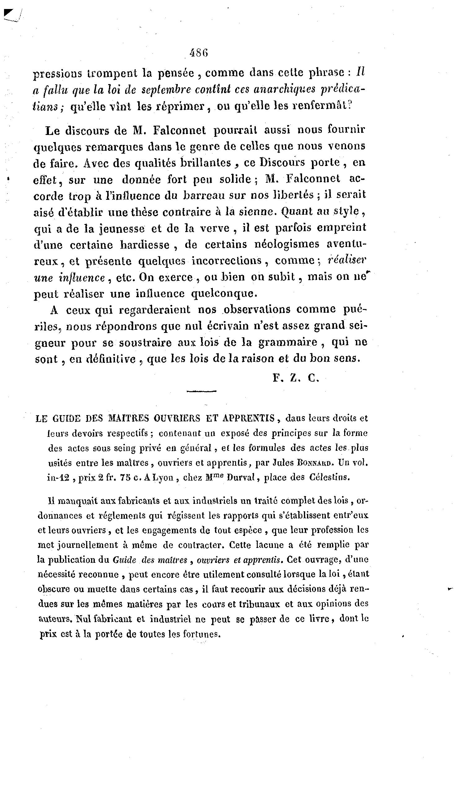 la publication du Guide des maîtres , ouvriers et apprentis. Cet ouvrage, d'une
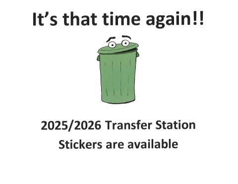 Transfer Station Stickers now available Come on in and get your Transfer Station stickers before the culvert construction project begins. Department: Transfer Station
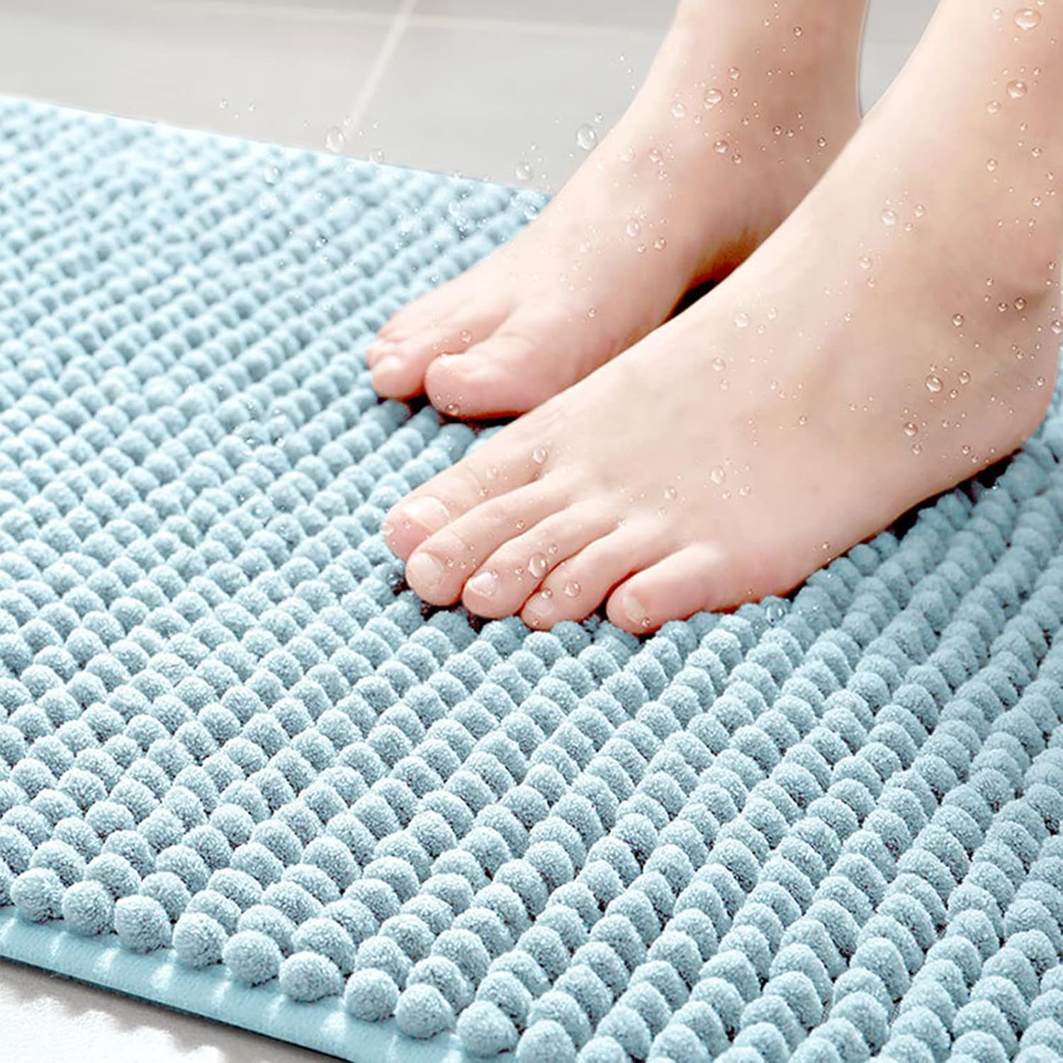Bathroom Rug Mat,Luxury Chenille Super Soft Absorbent Rug,Non-Slip Quick Dry Microfiber Mats,Machine Washable Rubber Backing Bath Mat,Bath Rug Mats for Floor,Tub and Rain Showers (Blue-24"x36")
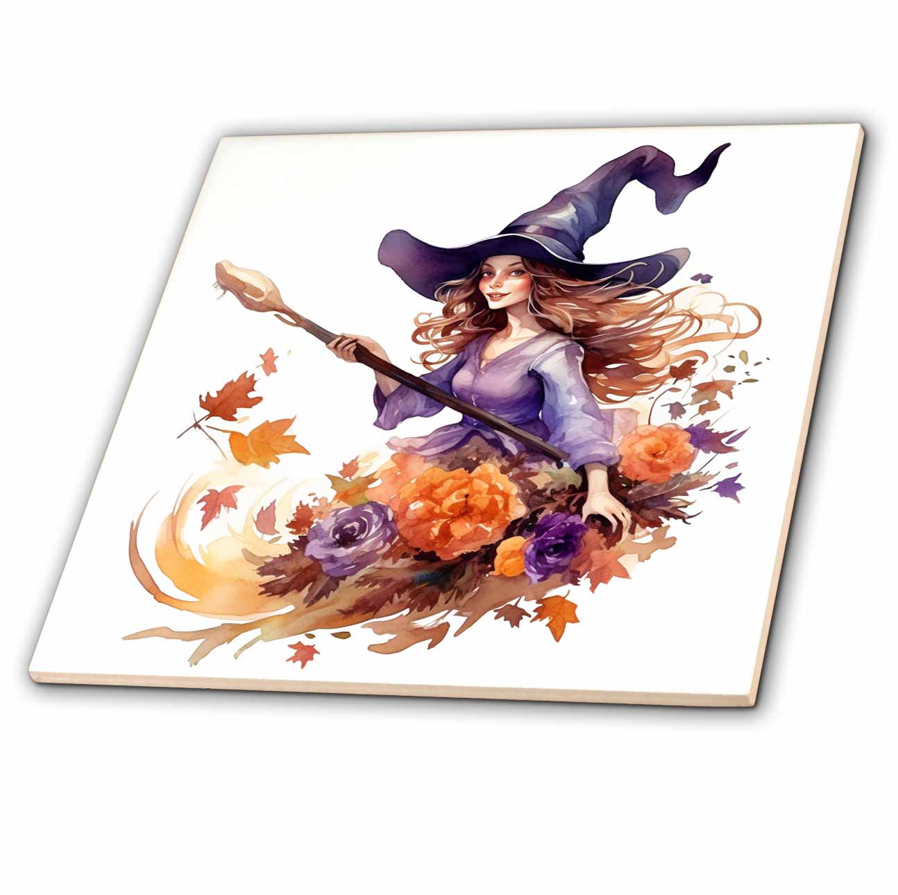 Pretty Floral Witch and Her Broom Illustration Tile is great for a backsplash, countertop or as an accent. This commercial quality construction grade tile has a high gloss finish. The image is applied to the top surface and can be cleaned with a mild detergent.
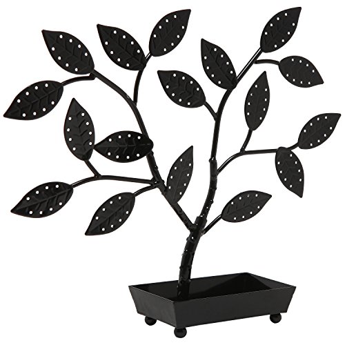 MyGift Jewelry Tree, Earring Necklace Hanger Holder with Ring Dish Tray, Black
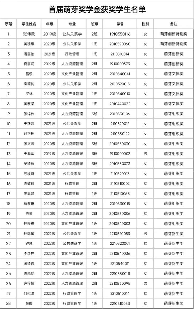 首届萌芽奖学金获奖名单
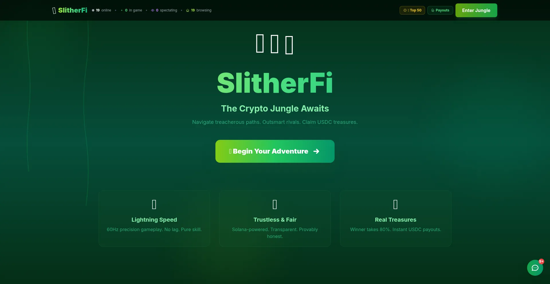 Multiplayer snake game where skill pays. Compete for real USDC prizes on Solana.
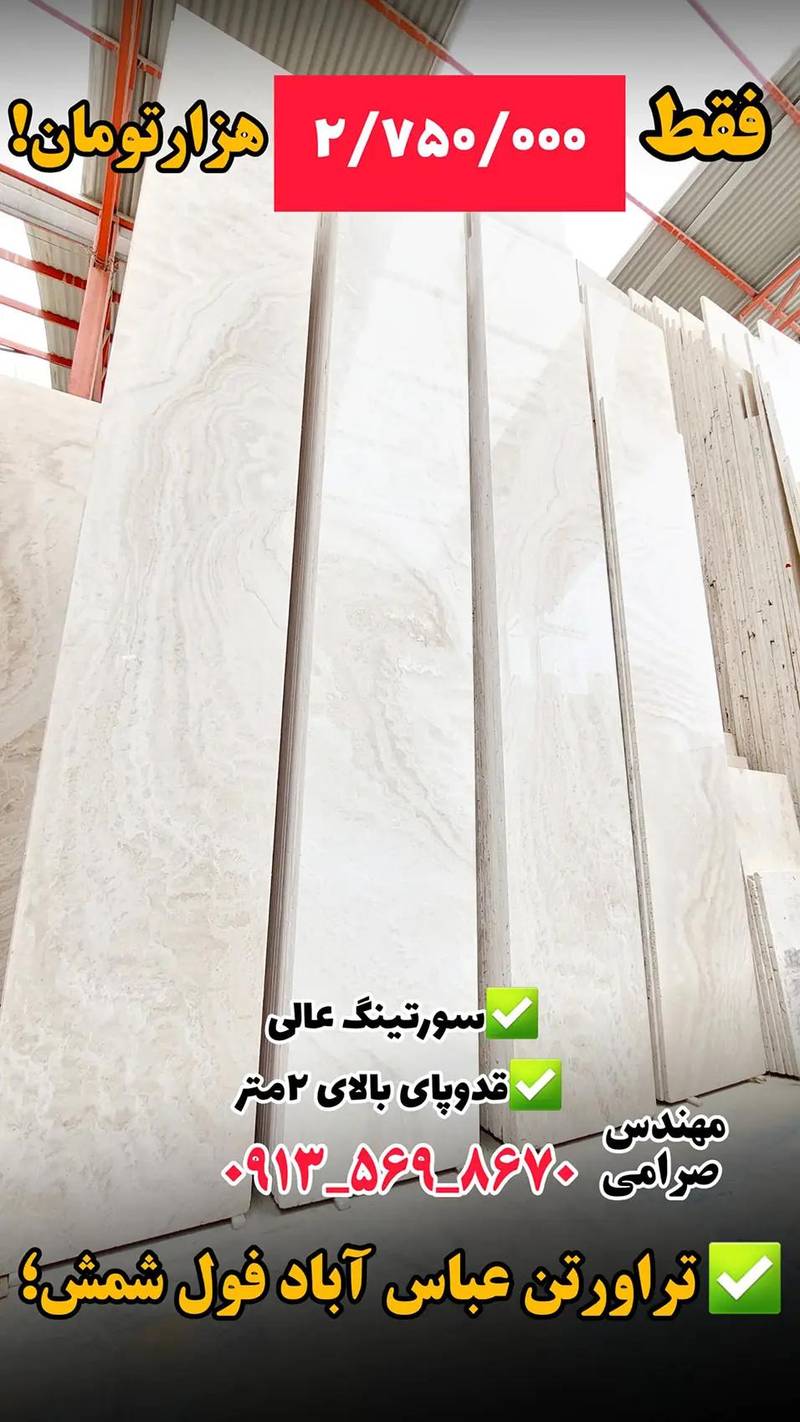 ارزانسرای سنگ تک در اصفهان با افتخار یکی از باکیفیتترین محصولات خود را با قیمتی رقابتی به مشتریان عرضه میکند. سنگ تراورتن عباس آباد فول شمش با سورتینگ عالی و ارتفاعی بالای ۲ متر، گزینهای ایدهآل برای پروژههای لوکس و نماهای خاص است. قیمت هر متر از این سنگ تنها ۲,۷۵۰,۰۰۰ تومان بوده و فروش به صورت مستقیم از کارخانه و تحت نظارت مهندس صرامی انجام میشود.
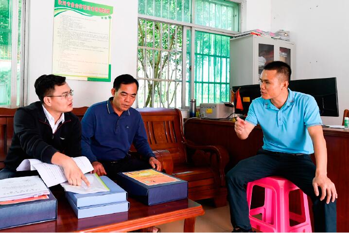 >> 2021年11月13日,在海南省瓊中黎族苗族自治縣灣嶺鎮加章村委會,紀檢監察干部(左)在查閱鄉村振興及村級財務支出相關材料。
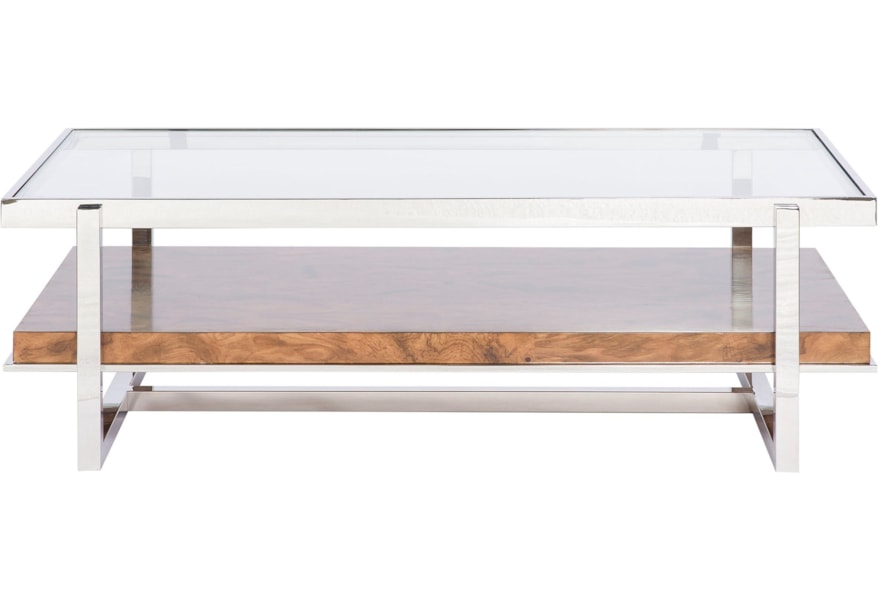 Jofran Compass Glass Rectangle Coffee Table In Chrome And Wood
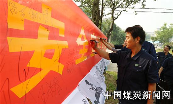 【本网讯】淮南矿业集团选煤分公司扎实开展形式多样的安全宣传教育活动,弘扬安全文化,普及安全知识。图为一线职工在安全宣传横幅上签上自己的名字,也将一份责任牢记心间。

→ **GOAL OF THE EXERCISE**:
Repeat, with no pictures, every line from the top of the entries above through the line that has "Transfer Station Stickers now", keeping each one exact.

→ **TASK RESPONSE**:
 la publication du Guide des maîtres , ouvriers et apprentis. Cet ouvrage, d'une
 Transfer Station Stickers now available Come on in and get your Transfer Station stickers before the culvert construction project begins. Department: Transfer Station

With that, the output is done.